Auf die Gans verzichten

Abschließend stellt sich die Frage: „Was tun?“, oder vielleicht auch: „Kann ich diesen Weihnachtsbraten noch essen?“. Die Antwort ist vielleicht gar nicht so schwierig und hilft – wenn auch in geringem Ausmaße – sogar der heimischen Bergvogelwelt. Immerhin wird ein Großteil der Gänse nicht in Österreich gezüchtet, sondern unter höchst widrigen Umständen im Ausland regelrecht „produziert“ und importiert. Man sollte sich also die Frage stellen, ob sich Massentierhaltung und großdimensionierter Fleischtransport durch einen jahrhundertealten Brauch rechtfertigen lässt. Kann man diese Frage mit nein beantworten, so hat dieser Verzicht schon einen gewissen Beitrag gegen die globale Erwärmung geleistet.

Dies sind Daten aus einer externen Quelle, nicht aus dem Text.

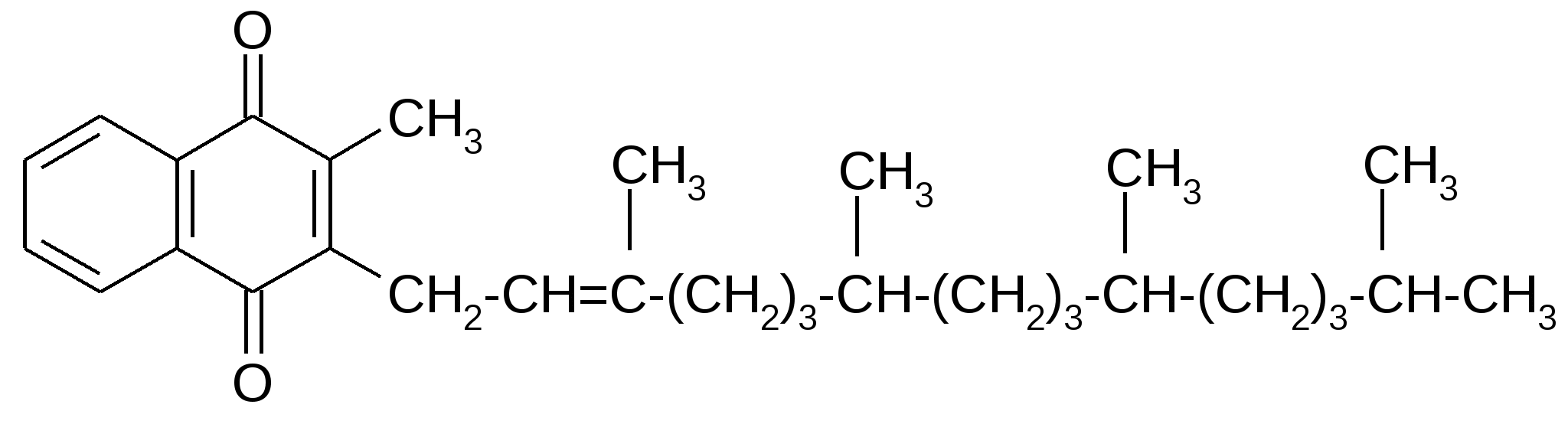 Витамины группы К - антигеморрагические факторы, необходимые для нормальной свертываемости крови. При недостатке витамина К биосинтез про тромбина и других компонентов тромбоцитов прекращается, капилляры лопаются и усиливается кровоточивость. По химической природе витамины К - производные 2 – метил -1,4- нафтохинона. У витамина К1 (филлохинона) в положении С3 стоит цепь фитола; у витамина К2 (менахинона) - цепь из 4-9 С-атомов. Филлохинон образуется в высших растениях (люцерне, шпинате, цветной капусте, хвое, томатах), менахинон - бактериями, в том числе живущими в ЖКТ. Синтетический аналог витамина К - викасол (1.5)[11,c.135]:

Was Freizeitgestaltung und Tourismus betrifft, kann man der heimischen Vogelwelt ebenso unter die Flügel greifen. Ein Schutz vor Störungen, wie z. B. beruhigte Zonen, und das Mitdenken bei touristischen Konzepten wird notwendig sein, um manche Arten als Brutvogel weiterhin halten zu können. Auch Lenkungskonzepte für Mountainbike- und Ski-/Snowboardtouren stellen wichtige Werkzeuge dar. Um der Veränderung der Lebensräume Einhalt zu gebieten, eignen sich Auflichtungen durch Holzschläge, Pflege von Almflächen und weitere Managementmaßnahmen. Ob als Sportler*in, Förster*in, Touristiker*in, Landwirt*in: Wir bestimmen, wie diese Geschichte weitergeht.  

Birkhühner verbringen den Tag entweder nicht sichtbar in einer Schneehöhle oder verstecken sich im Krummholz.

Foto: F. Lassacher

Florian Lehne studierte Biologie und Zoologie an der Universität Innsbruck, wo er sich v. a. mit der Vogelfauna Tirols und anderen Teilen der Welt beschäftigte. Seine Abschlussarbeit widmete er den Raufußhühnern der Tiroler Alpen. Er arbeitet seit 2021 als Sachverständiger für Naturkunde beim Amt der Tiroler Landesregierung, Abt. Umweltschutz, und ist vogelkundlicher Experte beim alpenvereinseigenen Biodiversitätsmonitoring „Vielfalt bewegt! Alpenverein von Jung bis Alt“.